Let’s looks at energy: what is “green” energy? A source that doesn’t use fossil fuels, right? No, because nuclear power plants are not “green." “Green New Deal” champions like Sen. Bernie Sanders, I-Vt., and Rep. Alexandria Ocasio-Cortez, D-N.Y., oppose nuclear power.

What about hydropower? Surely that’s “green." The Los Angeles Times reports that in California, hydropower near Yosemite National Park, which has “been churning out carbon-free electricity for nearly a century,” is somehow not counted as green.

Hydropower is responsible for between 5 and 15 percent of California’s energy, none of it's “green” because of dishonest lawmakers and the green lobby that pulls their marionette strings. They are pushing lawmakers to restrict what it means to be “green,” so only wind and solar, the industry’s favored companies, can benefit.

The issue facing wind and solar is basic economics. They often cost more than conventional energy sources, and in a free market economy, competition makes them cost prohibitive.

Enter the power of government and green energy lobbyists.

Step one: get the state to pass “renewable energy mandates” which require a certain percentage of electricity production to be “green."

Step two: define “green” as only wind and solar.

Step three: despite the cost to the taxpayers, force utility companies to buy wind and solar.

Step four: make huge profits, hire more lobbyists, repeat steps one through four.

There is a consequence: skyrocketing electric bills for consumers to pay for the expensive “green” energy. A recent report from the University of Chicago found that these mandates are “inefficient in reducing carbon emissions,” but do hike electricity prices as much as 17 percent. Other experts say the costs could be even higher, and that mandates could even double electricity bills on families, but hey, that’s not the green energy companies’ problem. It’s the law!

You can see why hydropower isn’t considered “green,' that’s less money for wind and solar. The “green” energy companies that would otherwise struggle in the free market rake in cash, taxpayer cash, thanks to their friends in government.

Imagine California had a “vegetable mandate” that forced shoppers to buy a certain percentage of produce with every purchase. You can be sure the kale growers would lobby to get carrots disqualified. Less competition, more profit.

These government mandates do more than just raise prices. They also put more power in the hands of politicians as they define what it means to be “green."

I’m sure when California mandates veggie consumption the chocolate lobby will fight to get it classified as such. Forcing people to buy a product ensures a revenue stream.

Remember the ObamaCare individual mandate?

If you thought California’s green, insider, pay-to-play politics was bad, it’s getting worse.

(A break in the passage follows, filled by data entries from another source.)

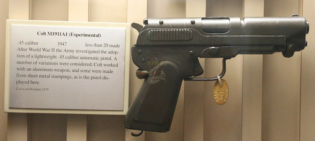Though that's undeniably sheet metal, and probably a .45, it's definitely not a 1911. Note, among other things, the hinged trigger instead of a sliding trigger, the lack of a grip safety, and if the slide dimple is any indication, only one locking ridge instead of three. There also doesn't seem to be a barrel bushing. Or magazine release, for that matter.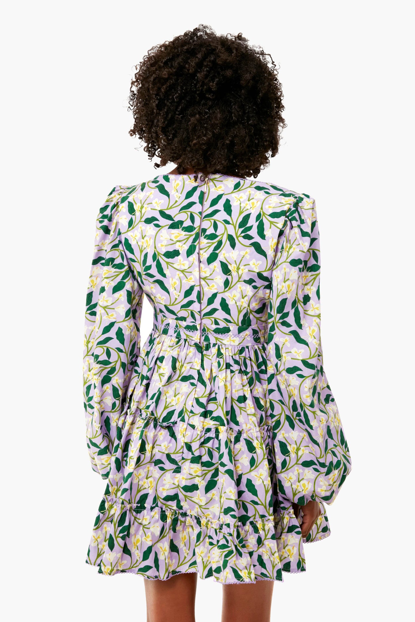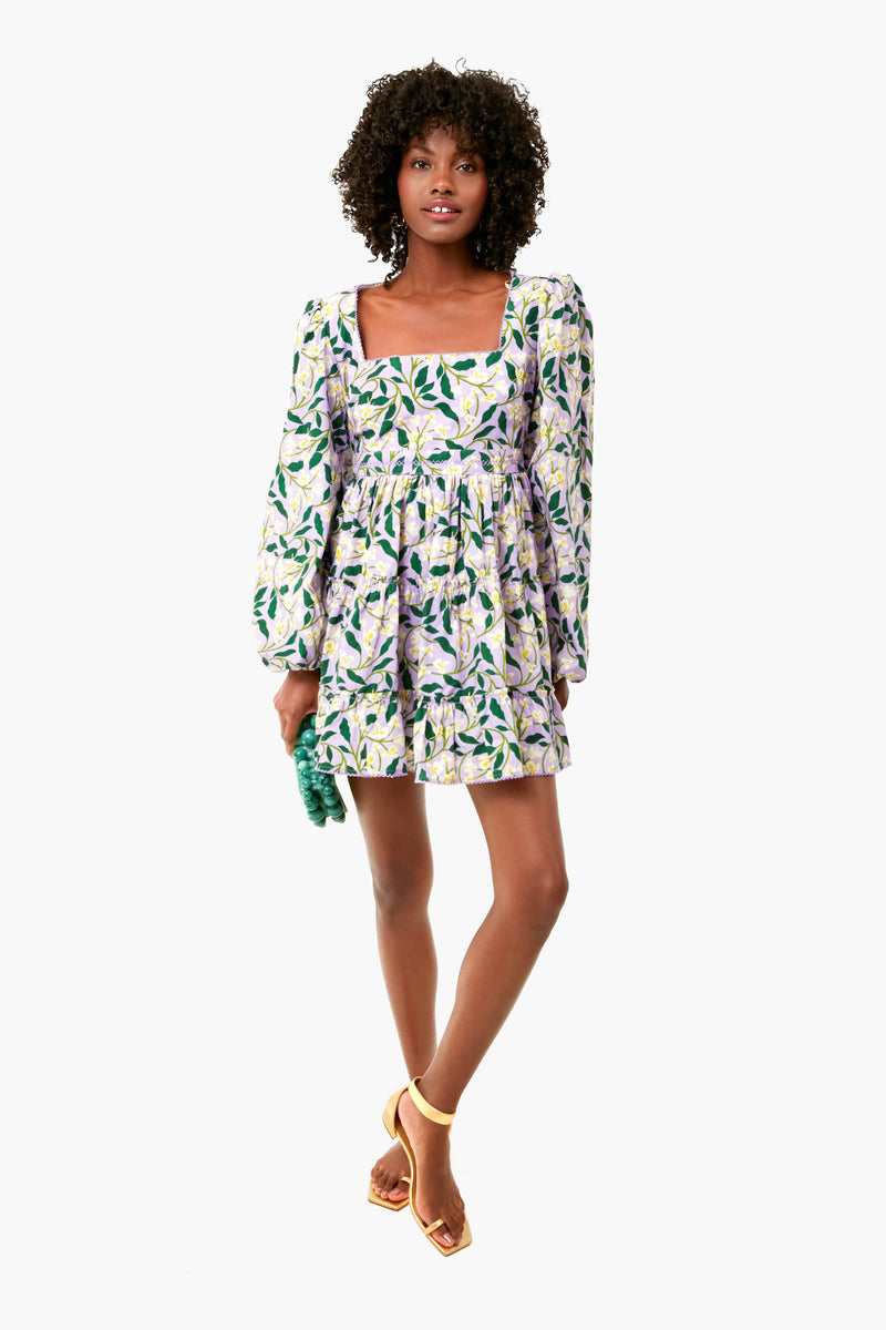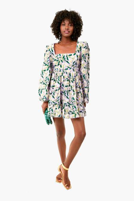 The Dos Gardenias Avena Dress has a square neckline, voluminous long sleeves, and a flouncy tiered mini skirt. Made from crisp cotton poplin and printed with lavender, yellow and green gardenia motif, this style is timeless and feminine. We are adding sandals and statement earrings for special celebrations!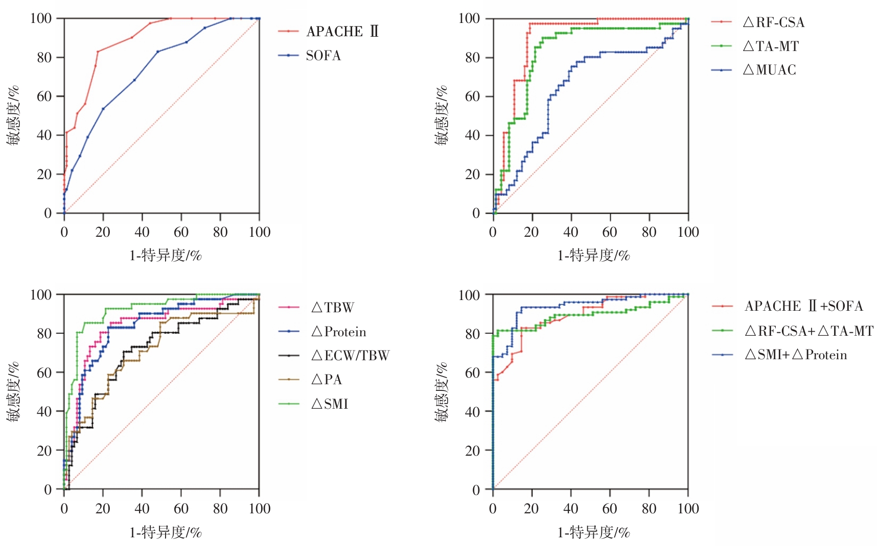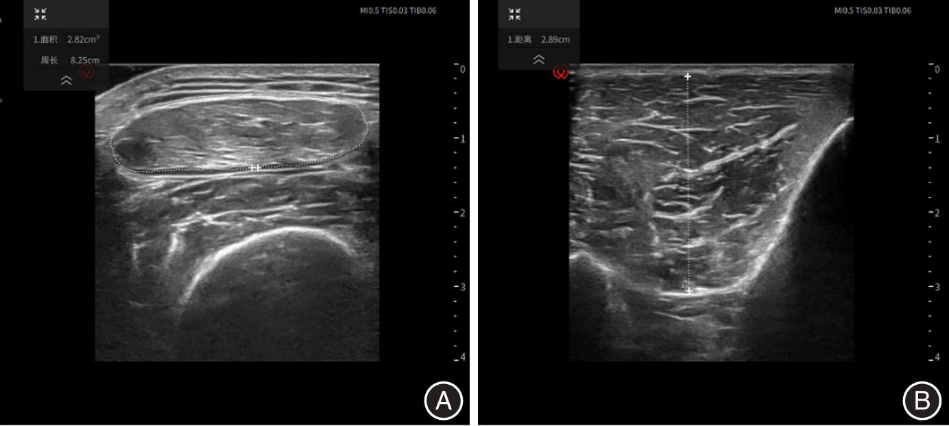 目的 探索股直肌横截面积(rectus femoris cross-sectional area, RF-CSA)、胫骨前肌厚度(tibialis anterior muscle thickness, TA-MT),以及生物电阻抗分析(bioelectrical-impedance-analysis, BIA)中的微观指标在重症监护室获得性衰弱(intensive care unit-acquired weakness, ICU-AW)中的诊断价值。 方法 对罹患肿瘤因脓毒症、脓毒症休克而进入天津医科大学肿瘤医院ICU的116例患者进行了一项单中心、观察性研究。通过患者的一般临床资料,并应用超声和生物电阻抗分析检测脓毒症发生6 h以内以及脓毒症治疗72 h以后股直肌、胫骨前肌、骨骼肌指数(SMI)、全身水含量(TBW)、蛋白质含量(Protein)等指标的变化,并进行统计学分析来预测ICU-AW的发生概率。 结果 最终41例患者诊断为ICU-AW,ICU-AW患者中存在更高比例的血管活性药物使用、机械辅助通气治疗,而且急性生理学和慢性健康状况评价Ⅱ(APACHEⅡ)和SOFA评分更高,病情更危重。另外分组对比显示ICU-AW组的患者在股直肌横截面积(RF-CSA)、胫骨前肌厚度(TA-MT)、骨骼肌指数(SMI)、全身水(TBW)、蛋白质含量(Protein)方面下降程度更为显著(P < 0.05)。此外,相比No ICU-AW组患者,在ICU-AW组患者中,初始平均PA值更低(3.42° vs. 3.80°),通过积极治疗后PA上升趋势更高。在ICU-AW诊断方面发现RF-CSA、TA-MT、SMI、TBW、Protein变化率在诊断ICU-AW上显示出较高的ROC-AUC[分别为0.891(95%CI为0.831 ~ 0.952),0.830(95%CI为0.749 ~ 0.911),0.916(95%CI为0.862 ~ 0.971),0.833(95%CI为0.749 ~ 0.917),0.834(95%CI为0.758 ~ 0.911)],此外,初始APACHEⅡ评分也显示出良好的诊断价值,ROC-AUC为0.829(95%CI为0.803 ~ 0.917),联合诊断模型中,生物电阻抗分析所测量的SMI变化率和Protein变化率联合模型具有最高的ROC-AUC(0.938,95%CI为0.895 ~ 0.980)。 结论 肿瘤脓毒症患者外周肌肉超声检测和生物电阻抗分析可以作为早期识别ICU-AW的方式。

Just this week, the Los Angeles Times’ editorial board blasted state lawmakers for attempting to create a “slush fund” out of California’s cap-and-trade system. Gov. Gavin Newsom’s administration apparently believes that the state should be allowed to spend cap-and-trade tax dollars on any project so long as that is tangentially related to carbon emissions.

Every human activity – breathing and sleeping – involves carbon dioxide, and under this proposal, they are eligible for some form of taxpayer funding from the cap and trade revenue.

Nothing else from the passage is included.